Task item - Using the listing below, set down exactly the lines starting at the line that contains "На момент выхода" and ending at the line that contains "水煮牛肉(基底:绿豆芽、娃娃菜、黄瓜)", both included, and no others.

Records for this exercise -

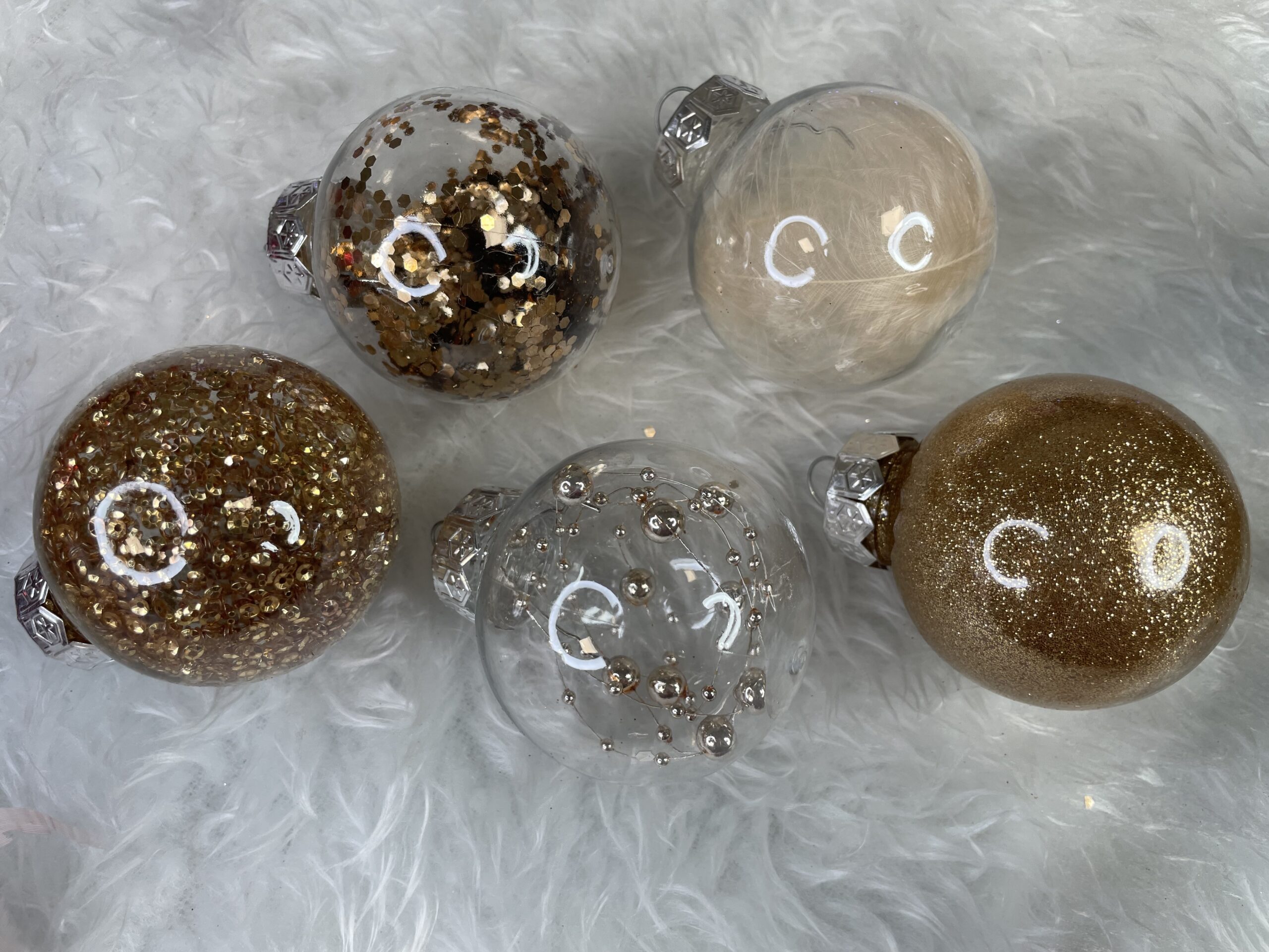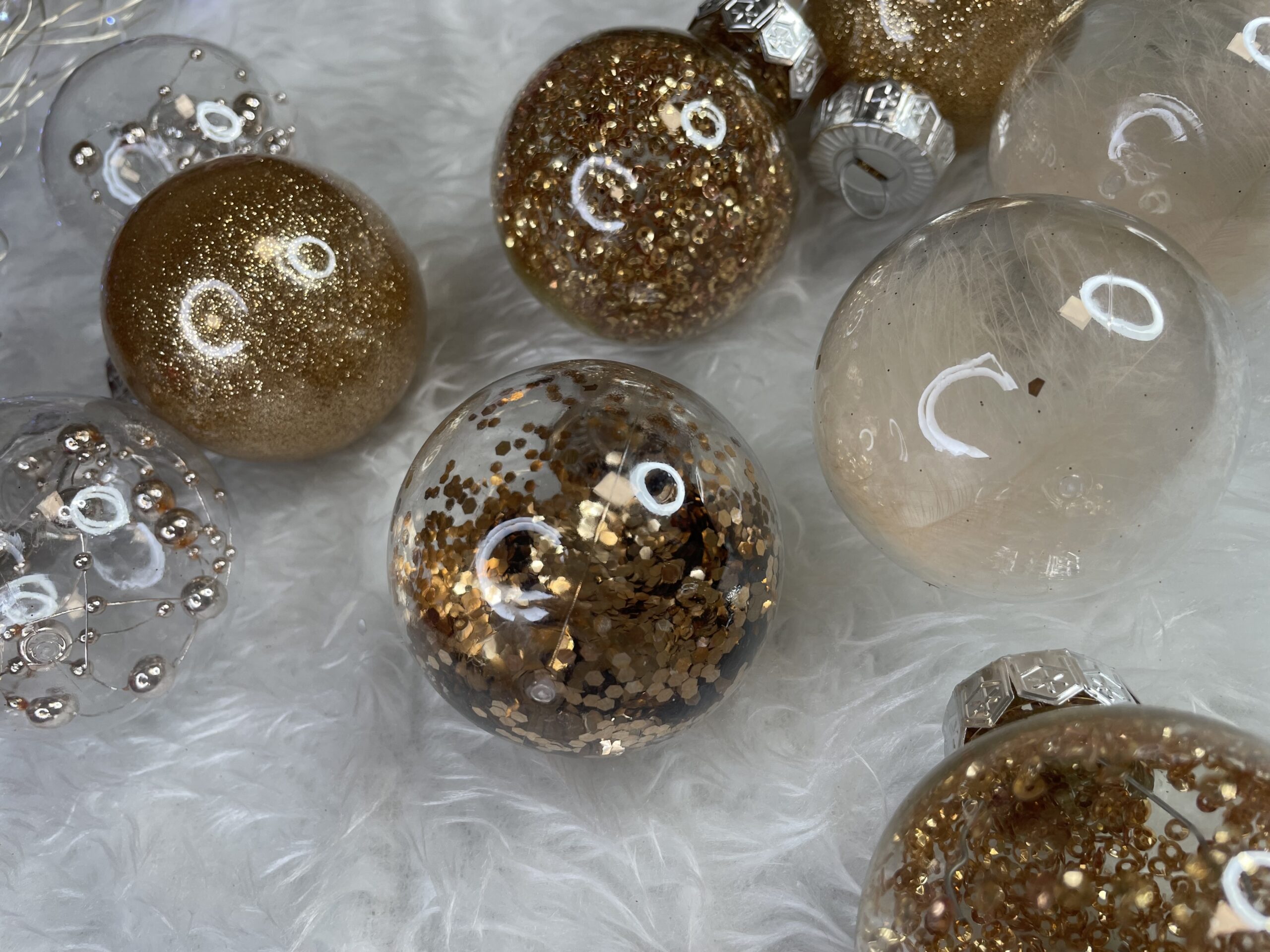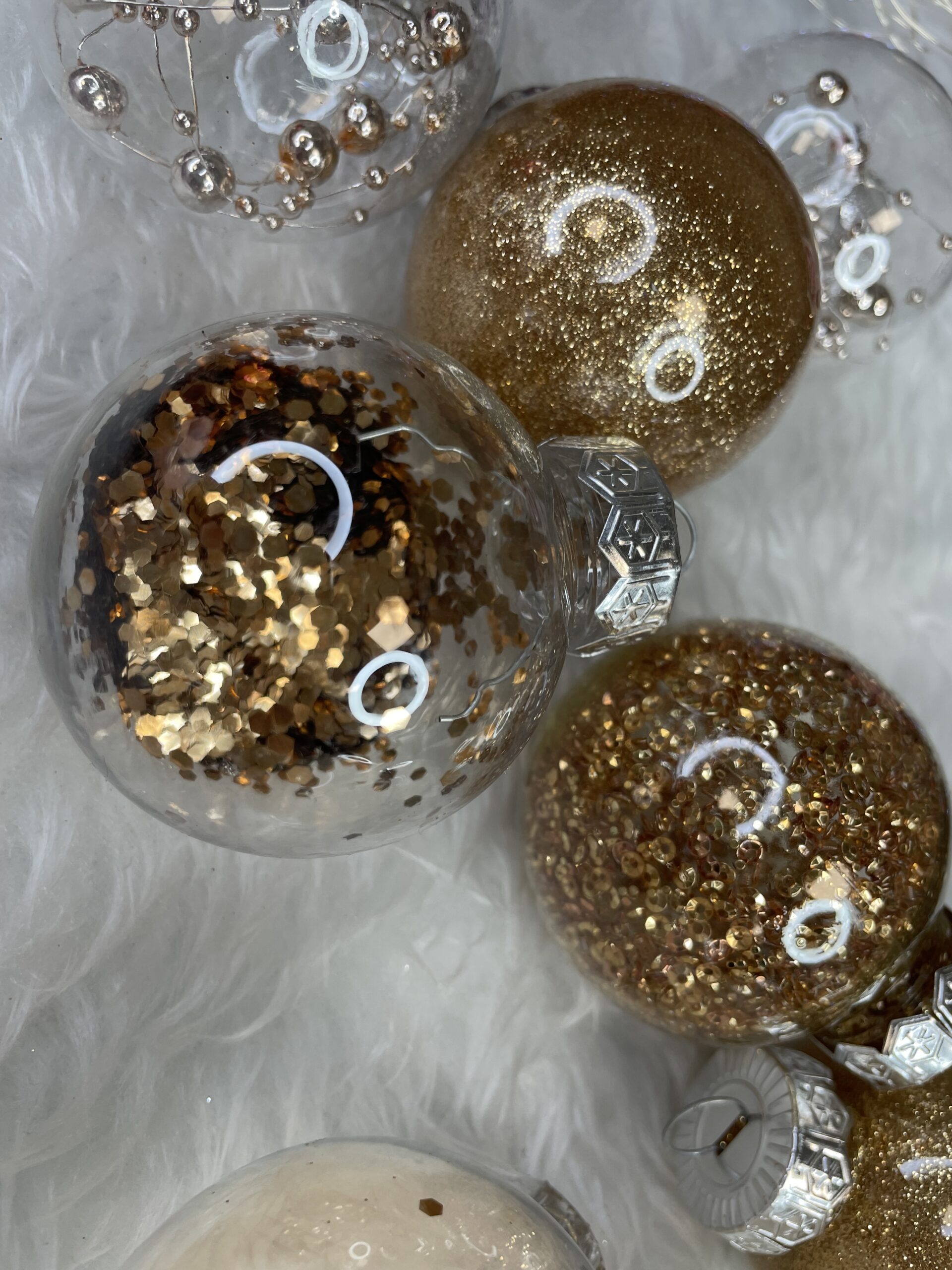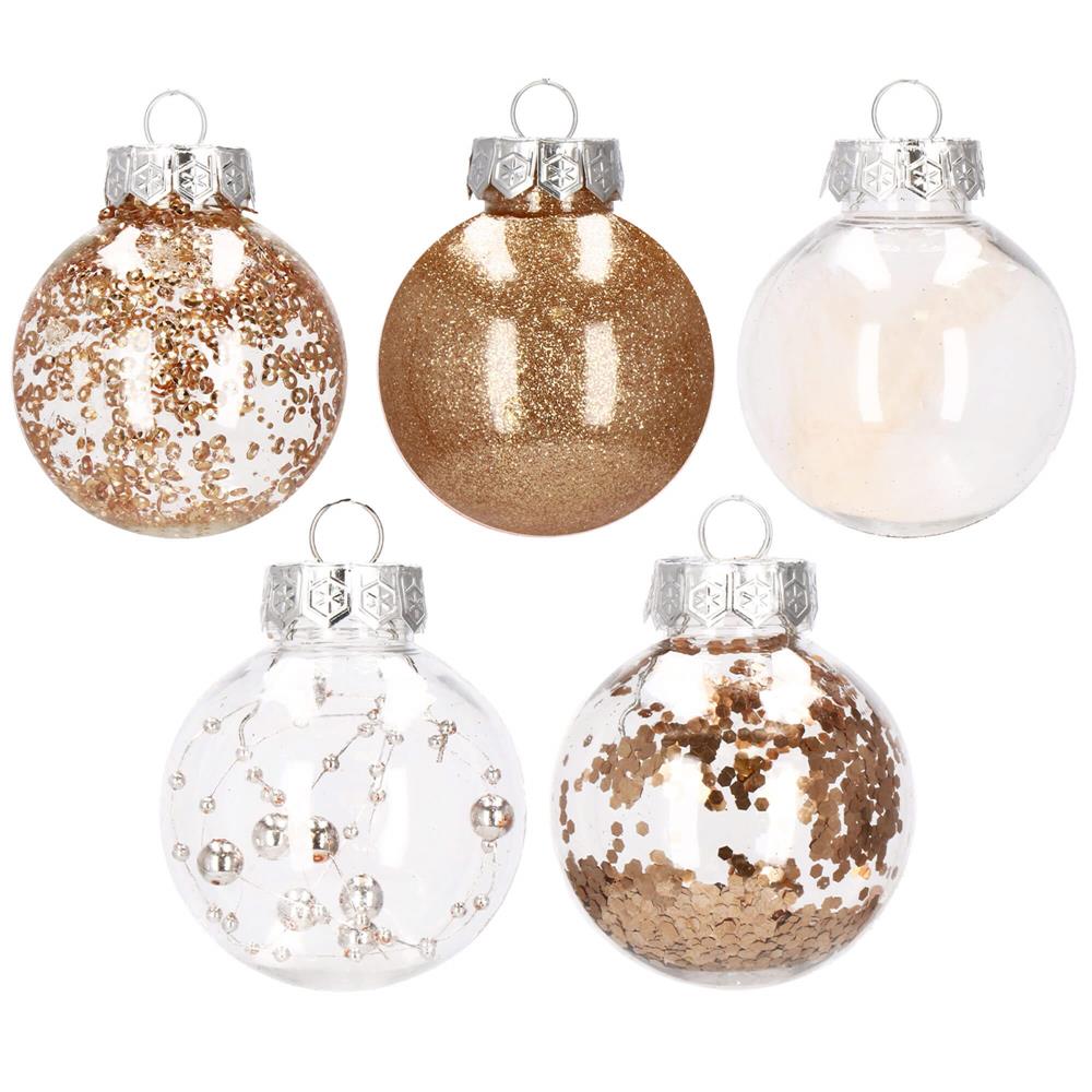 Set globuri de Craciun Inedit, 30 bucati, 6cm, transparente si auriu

...

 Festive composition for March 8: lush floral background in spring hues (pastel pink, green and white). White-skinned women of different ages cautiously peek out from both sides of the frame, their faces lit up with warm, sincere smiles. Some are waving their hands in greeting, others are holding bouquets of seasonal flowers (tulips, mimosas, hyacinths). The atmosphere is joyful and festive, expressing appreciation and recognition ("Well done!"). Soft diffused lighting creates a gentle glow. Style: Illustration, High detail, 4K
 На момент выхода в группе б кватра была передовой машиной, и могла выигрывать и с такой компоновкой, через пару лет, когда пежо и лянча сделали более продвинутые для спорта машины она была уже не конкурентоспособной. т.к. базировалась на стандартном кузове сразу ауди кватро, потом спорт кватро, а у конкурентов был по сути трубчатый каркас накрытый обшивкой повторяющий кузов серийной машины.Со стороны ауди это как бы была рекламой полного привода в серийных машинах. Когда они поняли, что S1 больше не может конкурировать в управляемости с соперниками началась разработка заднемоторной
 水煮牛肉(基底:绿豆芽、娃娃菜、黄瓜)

Answer space -
 На момент выхода в группе б кватра была передовой машиной, и могла выигрывать и с такой компоновкой, через пару лет, когда пежо и лянча сделали более продвинутые для спорта машины она была уже не конкурентоспособной. т.к. базировалась на стандартном кузове сразу ауди кватро, потом спорт кватро, а у конкурентов был по сути трубчатый каркас накрытый обшивкой повторяющий кузов серийной машины.Со стороны ауди это как бы была рекламой полного привода в серийных машинах. Когда они поняли, что S1 больше не может конкурировать в управляемости с соперниками началась разработка заднемоторной
 水煮牛肉(基底:绿豆芽、娃娃菜、黄瓜)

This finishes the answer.